В эту пору в сельском Совете никто не заметил, что уже начинается утро. Дарью и Аганю провожал до их избы Федор Чекан, а Гурлев сразу же после клуба снова занялся делами. Еще накануне Федот Бабкин и братья Томины начали составлять списки бедняков-однолошадников, которым надо дать наделы на ближних полях. Таких набралось больше тридцати. Но ближние поля у Чайного озерка, сразу за выгоном, еще прошлым летом вспаханные под пар, принадлежали кулачеству. Приходилось решаться на новые обострения. А иного выхода не было: ради облегчения для бедноты Гурлев не пощадил бы самого близкого человека.
Сеять пшеницу мужики собирались после пасхальной недели. Земля повсюду уже оттаяла, но еще не прогрелась, обдавала с глубины холодком. И надо было успеть переделить пашни до выезда в поле, заранее предупредить прежних и новых владельцев, чтобы не случилось между ними ни драк, ни мщения.
По числу едоков в семье земли Согрина у Чайного озерка достались Фоме Бубенцову и одноногому солдату Белоусову, ходившему на костылях с германской войны.
— Не обидел бы их Согрин-то, — сказал Федот. — Покамест мужики соберутся, он может успеть набросать семена и заборонить. А посеянное отсудить трудно.
— Не обидит, не дадим, — ответил Гурлев. — А если Согрин сунется, то Белоусов сумеет постоять за себя.
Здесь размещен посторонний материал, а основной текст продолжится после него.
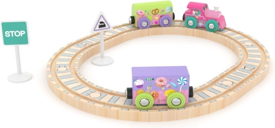 Fa vonatpálya készlet kislányoknak, 15 db. Biztonságos, környezetbarát és kreatív játék 18 hónapos kortól. Fejleszti a fantáziát és a finommotorikát.
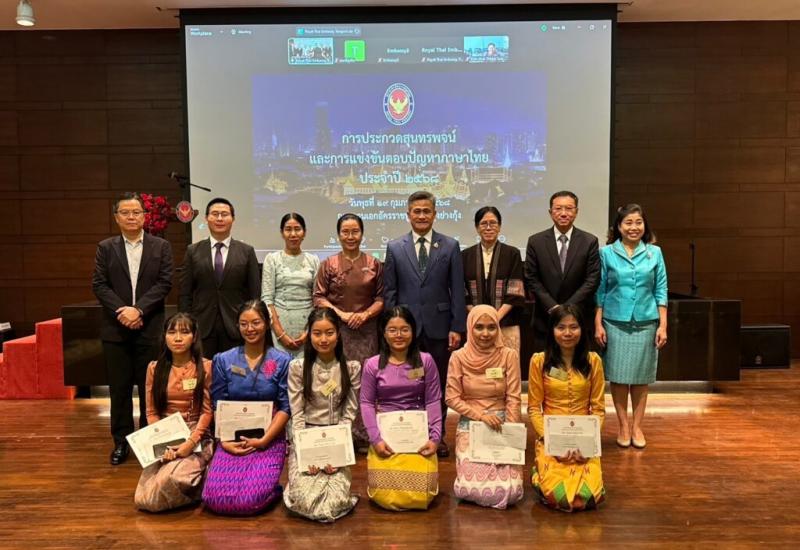 The Royal Thai Embassy in Yangon, in collaboration with the Yangon University of Foreign Languages (YUFL) and the Mandalay University of Foreign Languages (MUFL), organized the Thai Speech and Quiz Competition 2025 at the embassy on 19 February 2025.
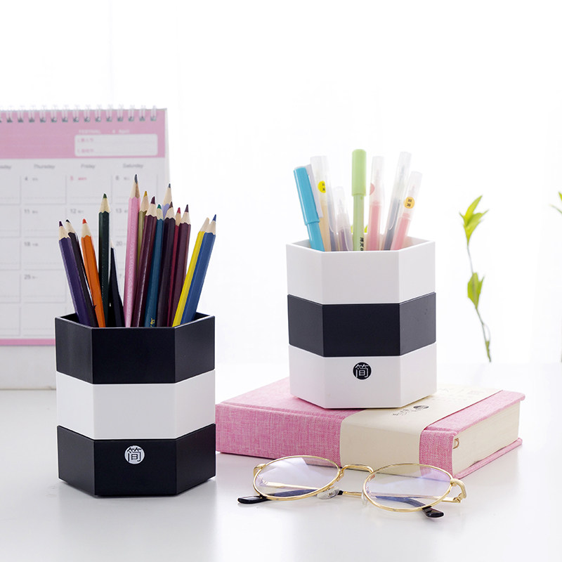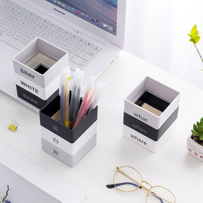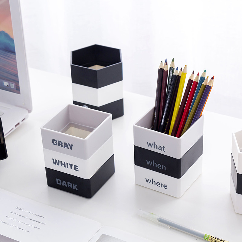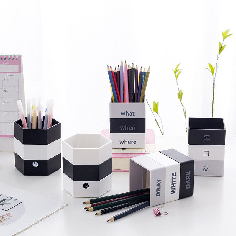 Penstric creativity and fresh student furniture for children with simple multi-function pen office stationery box for men and women European vintage desktop cute black and white plastic style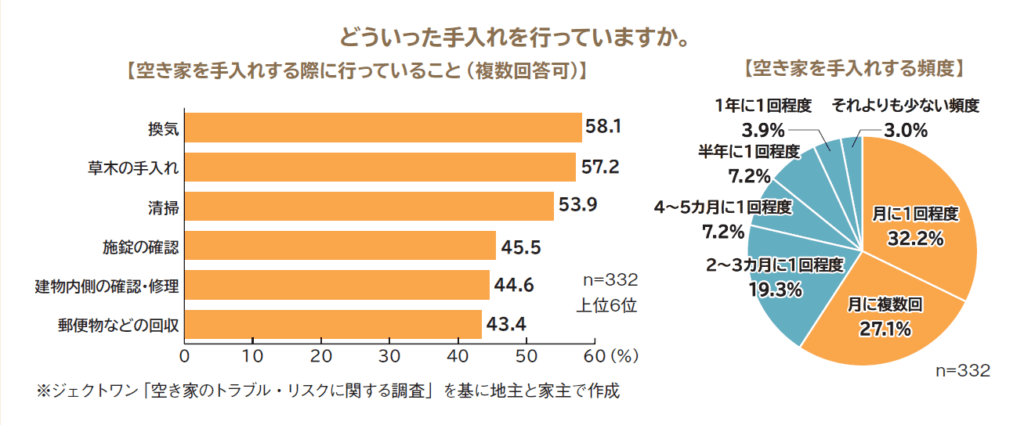 その一方で「2~3カ月に1回程度」(19.3%)や「4~5カ月に1回程度」(7.2%)という声があり、4割程度で管理頻度が低いこともうかがえる。中には1年に1回よりも少ない手入れで済ませている場合もあり、実質的には放置に近い状態にある空き家も少なくないようだ。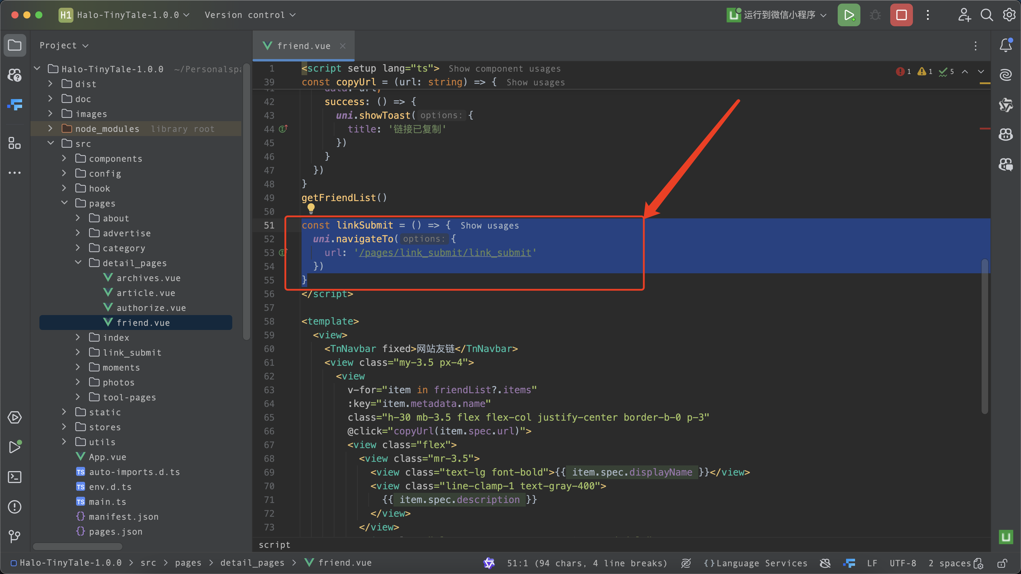 pages目录下新增页面src/pages/link_submit/link_submit.vue,代码如下:
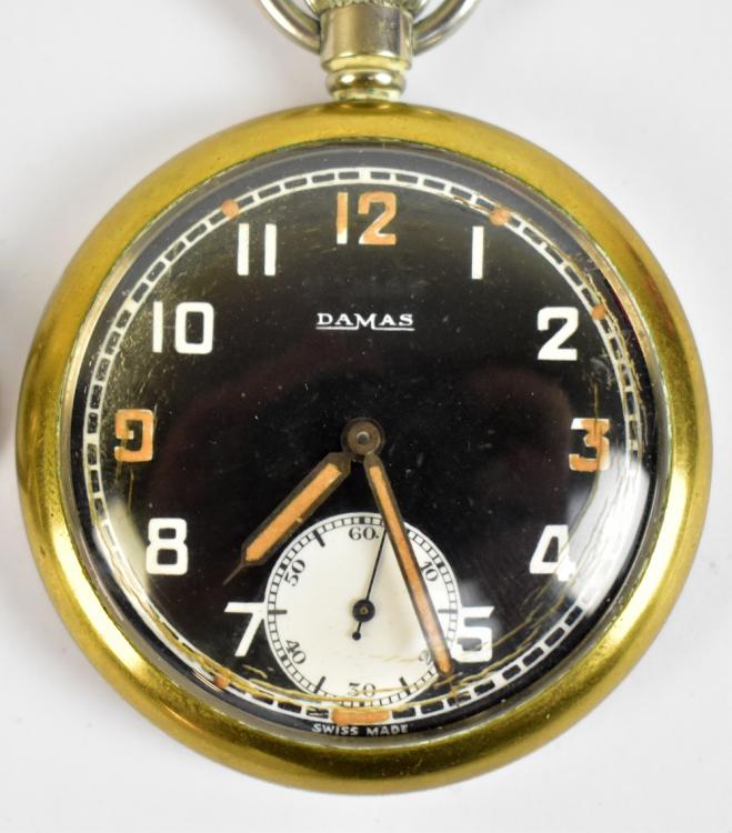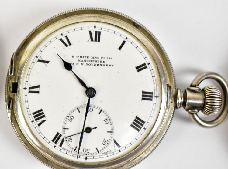 Lot 57 of 679: DAMAS; a WWII period base metal military screw wind pocket watch, the dial set with Arabic numerals and subsidiary seconds dial, diameter of case 50mm, impressed marks 'G.S./T.PXX368498' with broad arrow to case back, and a silver plated full hunter pocket watch marked 'H White MPG Manchester to HM Government', the circular dial set with Roman numerals and subsidiary seconds dial, diameter of case 50mm (af) (2).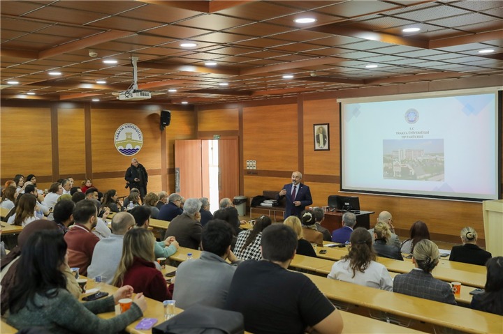 Akreditasyon belgesi takdiminin ardından TEPDAD Yönetim Kurulu Başkanı Prof. Dr. İskender Sayek “Tıp Eğitimi ve Sosyal Hesap Verebilirlik” konulu bir konferans verdi. Yükseköğretim kurumlarında akreditasyonun önemine değinen Prof. Dr. Sayek, Trakya Üniversitesi Tıp Fakültesinin böyle bir kalite belgesi almasından duyduğu memnuniyeti dile getirdi. Konuşmasında tıp eğitimine dair güncel yaklaşımlara dikkat çeken Sayek, 21. yüzyılda sağlık ve tıp eğitimi, tıp eğitiminde sosyal güvenlik kavramı, değerlendirme yöntemleri ve tıp eğitiminin akreditasyonla ilişkisi konularında da bilgiler verdi.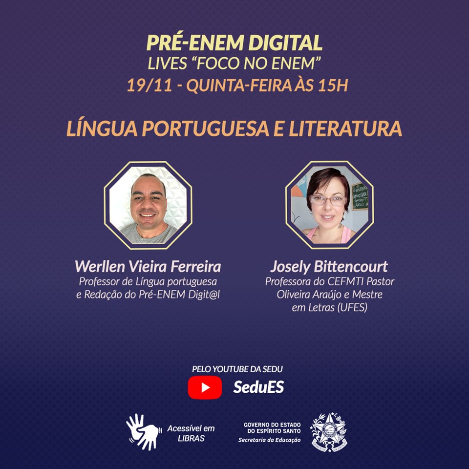 Os convidados para a live são o professor de Língua Portuguesa e Redação do Pre-Enem Digit@l, Werllen Vieira Ferreira, e a professora Josely Bittencourt, do Centro Estadual de Ensino Fundamental e Médio em Tempo Integral (CEEFMTI) Pastor Oliveira Araújo, localizada em Vila Velha.

Еще с зимы будоражился народ в селе, затевались на сходках горячие споры. Лет пять назад, когда делились земли между всеми без исключения хозяйствами, ловкие дельцы вроде Согрина сумели отхватить что получше. Районный землемер, схожий по выправке с бывшим урядником, такой же подтянутый и усатый, квартировал тогда у Прокопия Согрина. И еще тогда же зародилось у мужиков подозрение, будто бы берет он взятки, но доказать это они не могли, опротестовать составленный им план земельного устройства не удалось. Так и осталось его решение в силе до нынешнего года. А прошедшей зимой, когда Гурлев, отложив диспут с попом, взялся пояснять мужикам, как высоко они должны ставить и ценить свое человеческое достоинство, давняя рана опять засочилась. Сельский Совет подтвердил волю бедноты, Калмацкий райисполком дал разрешение на перемер выборочный, чтобы восстановить справедливость, и теперь надо было провести его без особых конфликтов.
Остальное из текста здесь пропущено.